● BRIEF: Retype the records below exactly as given, but only from the first line through the line with "Lịch cắt điện", and without the pictures.

● DATA LISTING:
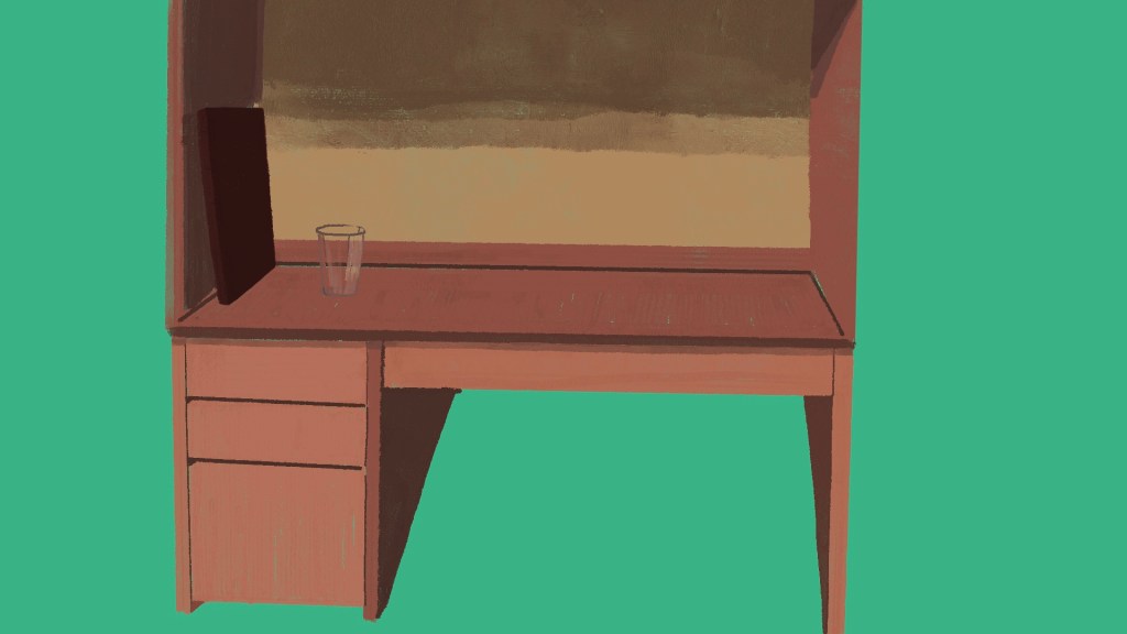 My roommates named me minimalist, and by comparison they participated in much more sane, lived-in habits (messy). They left a box of cheezits, our communal onion bag, and a third of a bottle of ketchup on the kitchen table where I needed to set up my paints. What would normally annoy me during cooking and cleaning kept me happily occupied during study, and served as my subject for that night’s homework.
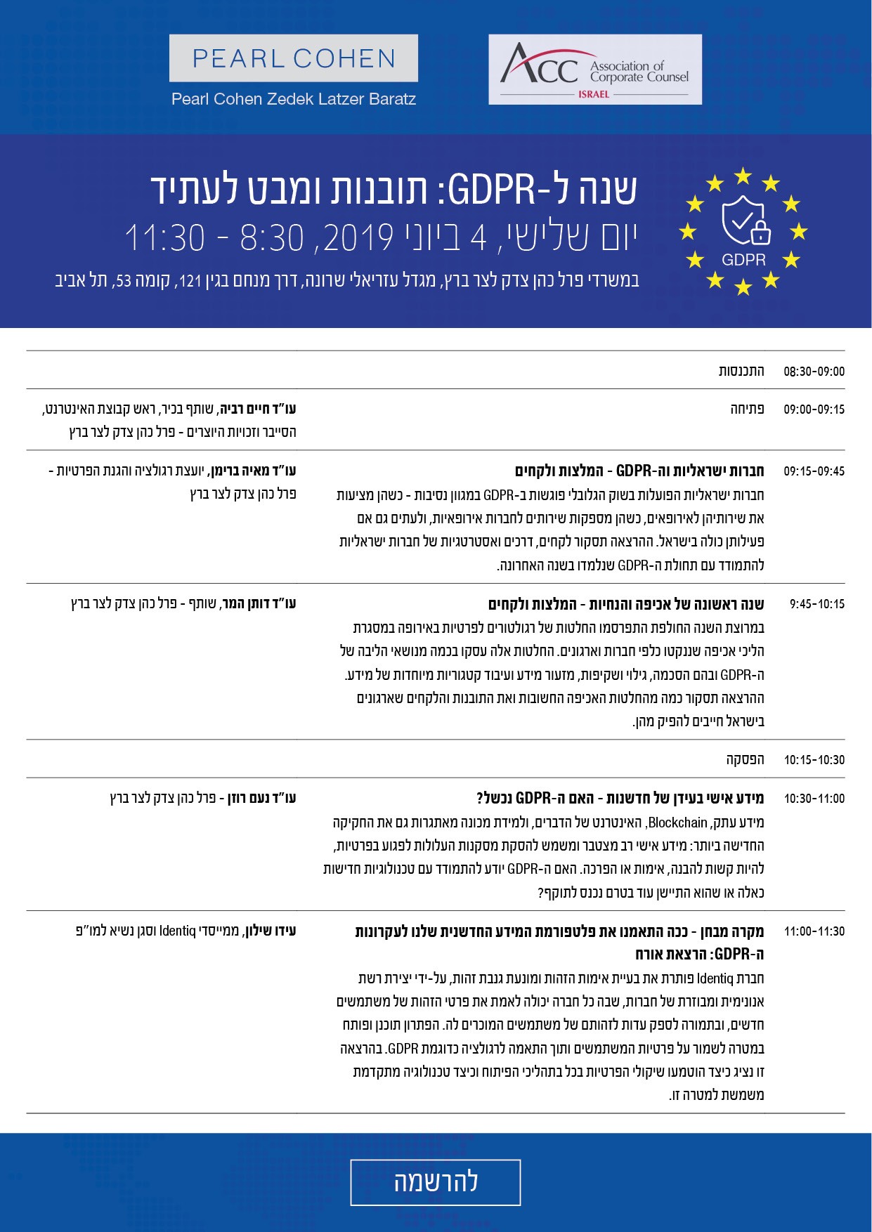 במלאות שנה ל-GDPR, נערוך כנס לקחים ותובנות ב- 4/6 במשרדי פרל כהן בקומה ה- 53 שלך עזריאלי שרונה: מה יכולות חברות ישראליות ללמוד מהשנה הראשונה ליישום התקנות האירופאיות? אילו הנחיות רגולטוריות פורסמו בשנה זו ומה צריכים אירגונים בישראל ללמוד מהם? איך מתמודד ה-GDPR עם טכנולוגיות חדשניות וכיצד התמודדה חברה יצירתית עם דרישות הפרטיות הקפדניות, כשפיתחה מערכת לזיהו המסתמכת על מידע מאירגונים רבים? על כל אלה ויותר, בכנס. מהרו להירשם כי מספר המקומות מוגבל והביקוש גדול. להרשמה, הקלק כאן.
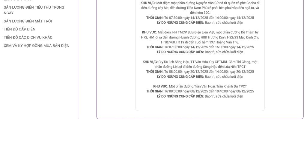 Lịch cắt điện tại các khu vực trên địa bàn Cần Thơ ngày 14/12/2025 được cập nhật tại website của Tổng công ty Điện lực miền Nam (EVNSPC).
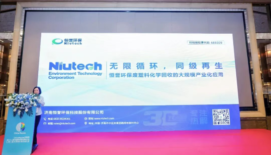 恒譽環(huán)保以“《無限循環(huán),同級再生——恒譽環(huán)保廢塑料化學回收的大規(guī)模產業(yè)化應用》”為本次大會帶來主題演講,當前我國每年產生6000萬噸廢舊塑料,不適用物理回收的低值廢塑料占比46%、回收率不足10%,大多采用焚燒填埋處理,如果其中50%采用化學循環(huán)技術,相當于低成本開發(fā)了一個6000萬噸的城市油田。針對行業(yè)的痛點問題,恒譽環(huán)保通過多年的技術積累與項目實踐,自主研發(fā)“工業(yè)連續(xù)化智能廢塑料熱解技術及成套生產線”,解決了大型熱解生產線應用過程中出現(xiàn)的“裂解系統(tǒng)結焦、進出料難以動態(tài)密封、產出物聚合”等多項世界性難題,能夠將傳統(tǒng)物理技術難以處理的混合廢塑料、海洋廢塑料、醫(yī)療廢塑料轉化為品質穩(wěn)定的再生能源產品,后續(xù)通過深加工可作為生產新塑料的化工原料,真正實現(xiàn)了同級化、高值化利用。既減少了對化石能源的依賴,又降低了碳排放和環(huán)境污染,為全球廢塑料污染治理提供了可驗證、可復制、可推廣的成熟方案,憑借突出的創(chuàng)新性、先進性、示范性,該套技術裝備榮獲中國科技領域最高獎項“國家科學技術進步獎”
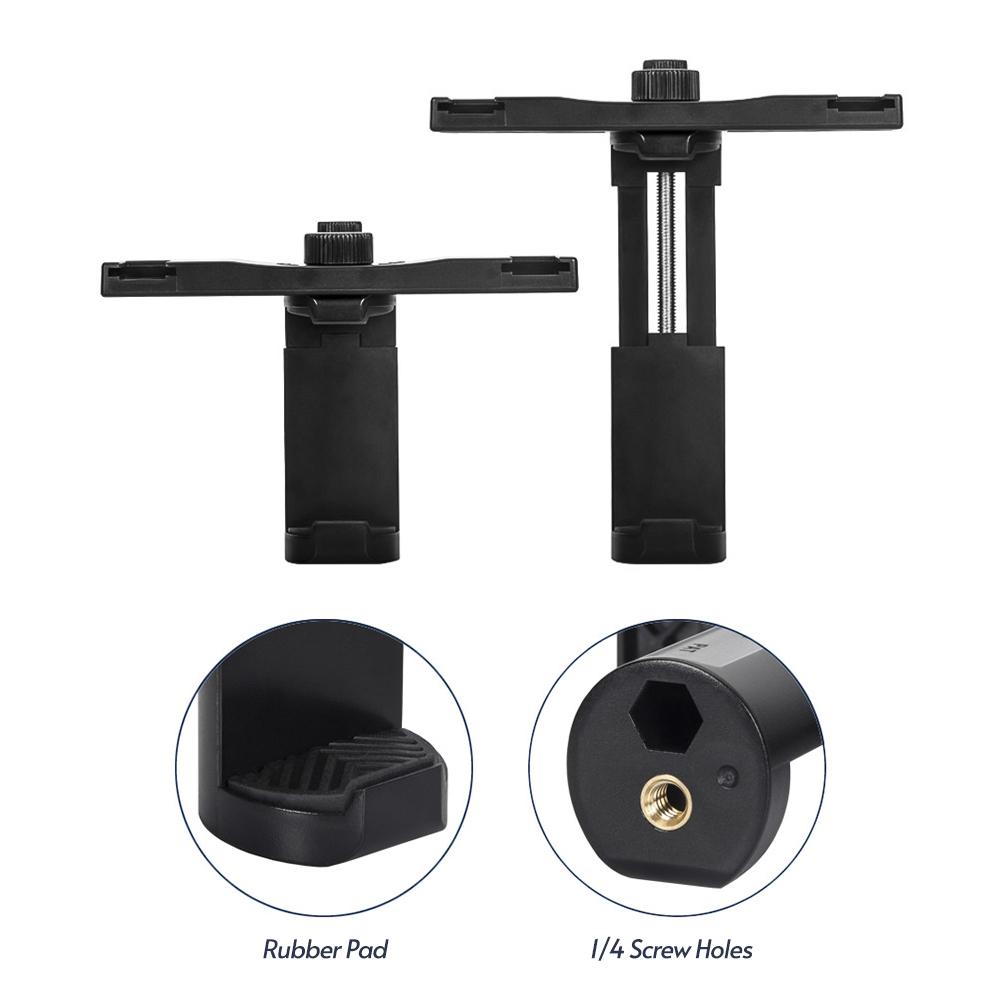 Feature: Multifunctional phone holder, made of ABS material, lightweight and durable. Phone clip extended range is 6cm-11.5cm, compatible with most of smartphones on the market. Soft rubber pads cover the contact parts of phone and
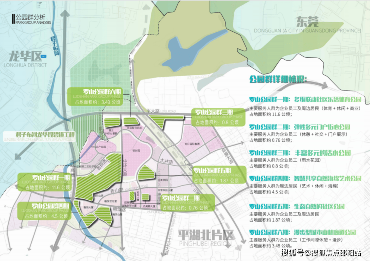 <休闲>:项目内镶山厦公园,直线距离约2.5km有平湖生态园、罗山自行车郊野公园、观澜山水田园旅游文化园、中科谷公园,安家平湖自然生态圈,满足一家人的休闲需求。
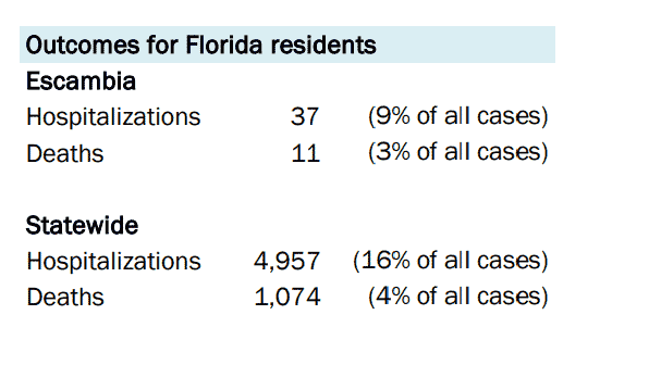 Escambia County cases were up 15 to 457 and, and Santa Rosa was up two to 149. There have been 11 deaths in Escambia County, with eight of those in long-term care facilities. Santa Rosa County has had six deaths with none in long-term care centers.
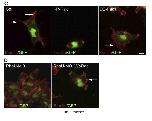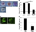 Fig. 5. Wt-RhoU overexpression impairs CNC cell migration. (A) Embryos were injected with nuclear β-galactosidase mRNA (βgal) alone or co-injected with 225 pg Wt-RhoU mRNA and analysed at stage 22. Dorsal views of stage 22 embryos, injected sides (red staining) are on the right. (a) twist, (b) slug and (d) krox-20 stainings on embryos injected with Wt-RhoU. (c) Control slug staining on embryos injected with nuclear β-galactosidase (βgal) mRNA alone. RhoU overexpression induced severe CNC cell migration defects (black arrows). Note that krox-20 expression in the hindbrain was unaffected. (B) Shown is a graph summarizing the results of four independent experiments as described in (A). NIS, non-injected side; β-gal, control side injected with nuclear β-galactosidase mRNA; n, total number of embryos analyzed. *** indicates conditions statistically different (p b 0.001). (C) Embryos were injected with 300 pg GFP mRNA alone or with 225 pg Wt-RhoU and CNC explants were excised as in Fig. 2D. Cells from control GFP grafts exhibited normal migration (white arrow), whereas cells grafts from Wt-RhoU-injected embryos did not migrate properly (white arrowheads). (D) Shown is a graph summarizing the results of four independent experiments as described in (C). GFP, control side injected with GFP mRNA; n, total number of embryos analyzed. *** indicates conditions statistically different (pb0.001). |
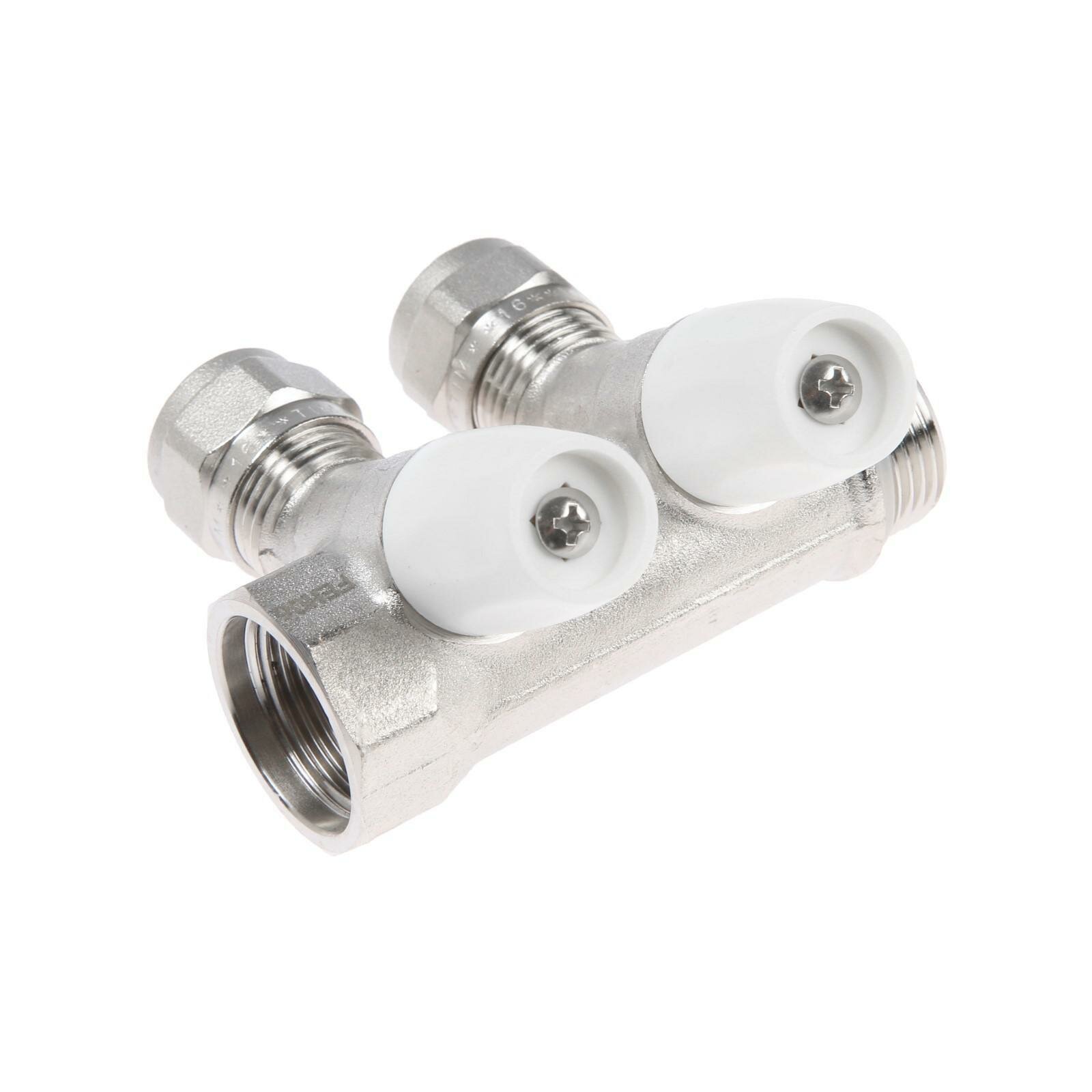 Коллектор TIM MR135N-3/4-C-2, 3/4"х16 мм, внутренняя/наружная, 2 выхода, 45°, с вентилями
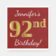 Red, Faux Gold 92nd Birthday + Custom Name Napkin
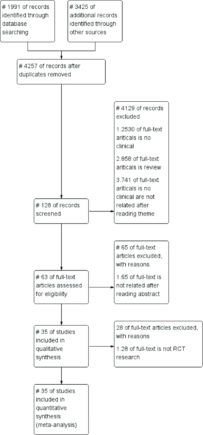 流程圖概述:通過(guò)系統(tǒng)檢索PubMed(1991篇)、Embase及Cochrane數(shù)據(jù)庫(kù)(共3425篇),初步納入5416篇文獻(xiàn),經(jīng)去重后剩余4257篇。按排除標(biāo)準(zhǔn)分步篩選:排除2530篇非臨床研究(如基礎(chǔ)實(shí)驗(yàn)、動(dòng)物研究)、858篇綜述、741篇摘要不相關(guān)文獻(xiàn)、65篇全文不相關(guān)文獻(xiàn)及28篇不符合RCT設(shè)計(jì)的文獻(xiàn),最終納入35項(xiàng)研究進(jìn)行薈萃分析(圖1)。
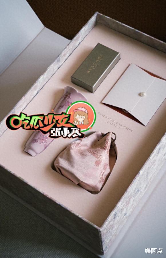 而巧克力下边则放了2个粉色印有花朵的小瓷杯,意味着“一辈子”,可谓颇用心了。另外两件物品虽然不知里面装的是啥,但想必也是颇有寓意的东西。
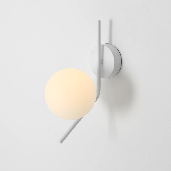 Lampka ścienna z kolekcji Gallia to niewielki, zgrabny kinkiet tworzący nastrojowe światło we wnętrzu. Matowy, mleczny klosz równomiernie rozprasza światło we wnętrzu. Lampa doskonale prezentuje się nad wezgłowiami łóżek w sypialni, a także nad komodami lub przy lustrach.

● RESPONSE BELOW:
 My roommates named me minimalist, and by comparison they participated in much more sane, lived-in habits (messy). They left a box of cheezits, our communal onion bag, and a third of a bottle of ketchup on the kitchen table where I needed to set up my paints. What would normally annoy me during cooking and cleaning kept me happily occupied during study, and served as my subject for that night’s homework.
 במלאות שנה ל-GDPR, נערוך כנס לקחים ותובנות ב- 4/6 במשרדי פרל כהן בקומה ה- 53 שלך עזריאלי שרונה: מה יכולות חברות ישראליות ללמוד מהשנה הראשונה ליישום התקנות האירופאיות? אילו הנחיות רגולטוריות פורסמו בשנה זו ומה צריכים אירגונים בישראל ללמוד מהם? איך מתמודד ה-GDPR עם טכנולוגיות חדשניות וכיצד התמודדה חברה יצירתית עם דרישות הפרטיות הקפדניות, כשפיתחה מערכת לזיהו המסתמכת על מידע מאירגונים רבים? על כל אלה ויותר, בכנס. מהרו להירשם כי מספר המקומות מוגבל והביקוש גדול. להרשמה, הקלק כאן.
 Lịch cắt điện tại các khu vực trên địa bàn Cần Thơ ngày 14/12/2025 được cập nhật tại website của Tổng công ty Điện lực miền Nam (EVNSPC).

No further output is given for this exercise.